All work is verified by a successful production build (next build), TypeScript compilation with zero errors, and a passing automated test suite.


1. Security Hardening

1.1 Strong session enforcement

Risk eliminated: session hijacking by token forgery.

The previous code allowed the server to start with a hard-coded fallback secret ("FLUX_SUPER_SECRET_KEY_2026_ARCHITECTURE") if the SESSION_SECRET environment variable failed to load. Because that fallback string was visible in the source tree, any attacker who read the public repository could mint valid 7-day admin JWTs and walk into the HQ Command Center as any user.

The application now refuses to start without a SESSION_SECRET of at least 32 characters. A weak or missing value is a fatal error, surfaced at boot time rather than silently accepted. The same protection is applied to the B2B client portal authentication path (clientAuth.ts).

Operational note: the production VPS must have a strong secret in its .env file before the next deploy. The recommended generator is openssl rand -base64 48.

1.2 Cross-site request forgery (CSRF) on public form posts

Risk eliminated: automated form submission abuse, lead spam, and cross-site form-action attacks against /api/consultation.

The consultation form endpoint was previously accepting any POST request with a valid JSON body. We implemented the double-submit token pattern:

  • A dedicated endpoint (GET /api/csrf) mints a token signed with HMAC-SHA256 using the session secret. The token is delivered both as a cookie and in the JSON response body. It expires after one hour.
  • The form's submission code copies the token into the X-CSRF-Token header.
  • The consultation endpoint verifies that cookie and header match and that the HMAC is valid before processing any data.

Stateless verification means no database lookup is required.
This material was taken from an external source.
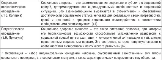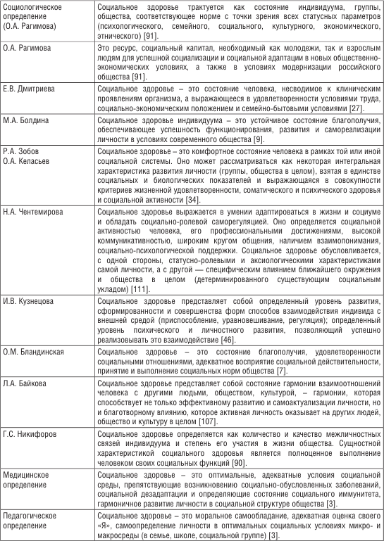 Теоретические подходы к трактовке понятия «социальное здоровье» можно представить в виде следующей таблицы (табл. 1).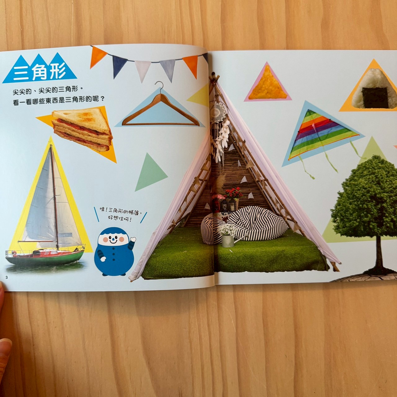 帶孩子理解書中對應的形狀物體。數數看:「1, 2, 3,有三個尖尖角的是三角形。」

Tokens cannot be forged or replayed.

1.3 Strict input validation with Zod

Risk eliminated: malformed data in the database, malformed addresses in outbound email, length-based denial of service, and downstream injection.

Every field accepted by /api/consultation is now validated against a schema before any business logic runs:

  • Name, company: required, max length 120/160 characters
  • Email: must match RFC 5321 email format, max 254 characters
  • Phone, message, timeframe: bounded length
  • Preferred contact channel: enum of email | phone | whatsapp
  • Conversation insights, suggested topics: bounded arrays of bounded strings
  • Optional URL fields: must be valid URLs

Malformed payloads are rejected with HTTP 400 and a structured error log entry, never reaching the database or email pipeline.

1.4 Cross-site scripting (XSS) in transactional email

Risk eliminated: stored XSS that could execute in the engineering team's inbox when opening a malicious consultation request.

The consultation email template was concatenating client-supplied strings (name, company, email, message, AI-detected industry labels) directly into raw HTML. An attacker submitting a name like <script>...</script> would have that markup rendered as live HTML when the email was opened in any permissive client.

We introduced a small escape library (src/lib/escapeHtml.ts) and applied it to every interpolated value in the template. Mail-to links are validated with a strict regex and URL-encoded before reaching the href attribute.

1.5 File-type validation by content, not extension

Risk eliminated: stored XSS and arbitrary code execution via malicious uploads on the public upload endpoint.

Previously, /api/public-upload trusted the file extension provided by the client. A user could rename payload.html to image.png and the server would save it as-is. Browsers reading the file later might still interpret it as HTML, depending on response headers — a classic vector.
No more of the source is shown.